A girl in a red dress, laughing in the rain, alongside a tall red-haired man wearing a suit.

I watched a boring movie recently.

Through DVD sent through the snail mail by Netflix (by now a very old-school system) I watched a fantasy about time travel.

There is nothing wrong with fantasies about time travel. H.G. Wells', THE TIME MACHINE is a classic novel and gave rise to an equally classic movie of the same name. More recently, the Harry Potter novels/movies had time travel elements, as did the Terminator films, etc.

The movie I saw last night, ABOUT TIME (2013) was an effort to do something different from all of that, to make time travel a plot device within a romantic comedy.

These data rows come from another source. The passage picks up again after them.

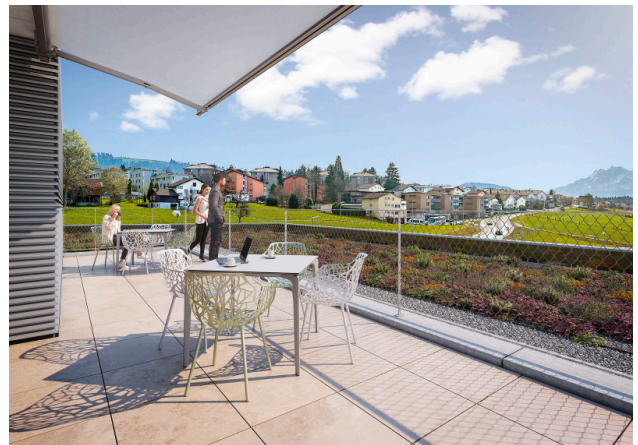
Dachterrasse zur Mitbenützung mit besten Aussichten
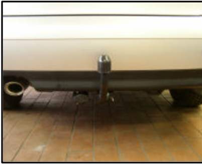
Fahrzeug mit AHK
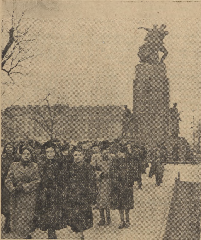
Przebywający w Warszawie artyści ukraińskiego Teatru Dramatycznego im. Iwana Franko zwiedzają stolicę. Na zdjęciu artyści ukraińscy przed pomnikiem Braterstwa na Pradze
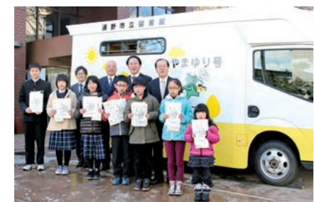
新しい移動図書館車の前にっこり

図書を通じ、東日本大震災の復興支援活動に取り組む(公社)シャンティ国際ボランティア会は、子どもたちの読書活動に役立ててほしいと、移動図書館車を本市に寄贈しました。
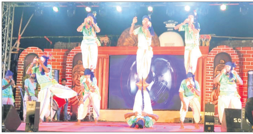
କଳାକାରମାନେ ଯୋଡ଼ିଶାଳ ନୃତ୍ୟ ପ୍ରଦର୍ଶନ କରୁଛନ୍ତି।
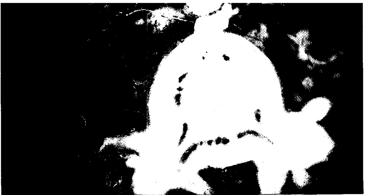
根莖橫切面黑心病病徵

力 (benlate) 可濕性粉劑1,000倍，亦應注意多雨期之防治，方可減少或抑制此病之蔓延。
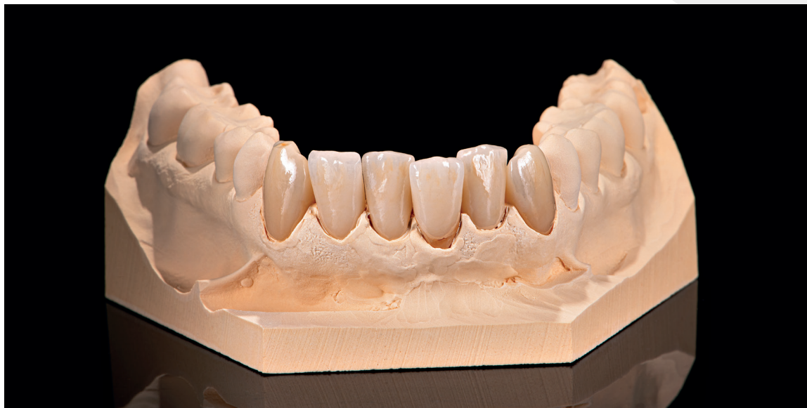
Schöne Farbeinstellung und gute Übereinstimmung zum Farbschlüssel.
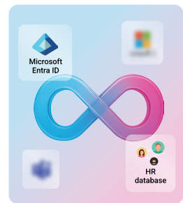
엔터프라이즈 ID 연동

차량 관제, 로봇 경비, 방문객 관리, 근태관리, 엘리베이터, 스마트 존 로직까지 각 요소를 유기적으로 통합해 끊임 없는 사용자 여정을 완성.
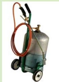
Modèle de désherbeur thermique utilisé par le personnel technique de la mairie
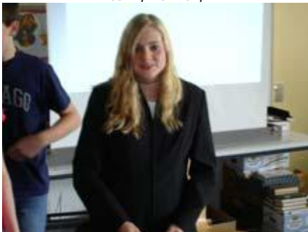
Da muss man schon etwas bieten: Outfit,
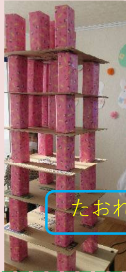
たおれそう・・・

The closest analog would be THE BUTTERFLY EFFECT (2004). There too, the story was about the multiple paths possible in the life of an apparently ordinary person who can travel back in time to correct what he sees in retrospect as his mistakes. But in BUTTERFLY, the emphasis is on how efforts to fix the mistakes of the past keep backfiring, so each time line seems worse than the one before, and the movie makers seemed to have to draw a miracle out of their Hollywood hats in order to keep their film from ending tragically.  It wasn't a great film, but it wasn't a bad one.

ABOUT TIME is much more determined to be a comedy.  as a result, we keep putting the actual plot (such as it is) aside for scenes instructing us that playwrights are misanthropes and that our lead character has an idiotic uncle on his mother's side.

Everybody seems to like idiot uncle, indeed to find him charming. But I didn't.

Anyway, nothing in this mess worked. Just thought I'd tell you, dear reader.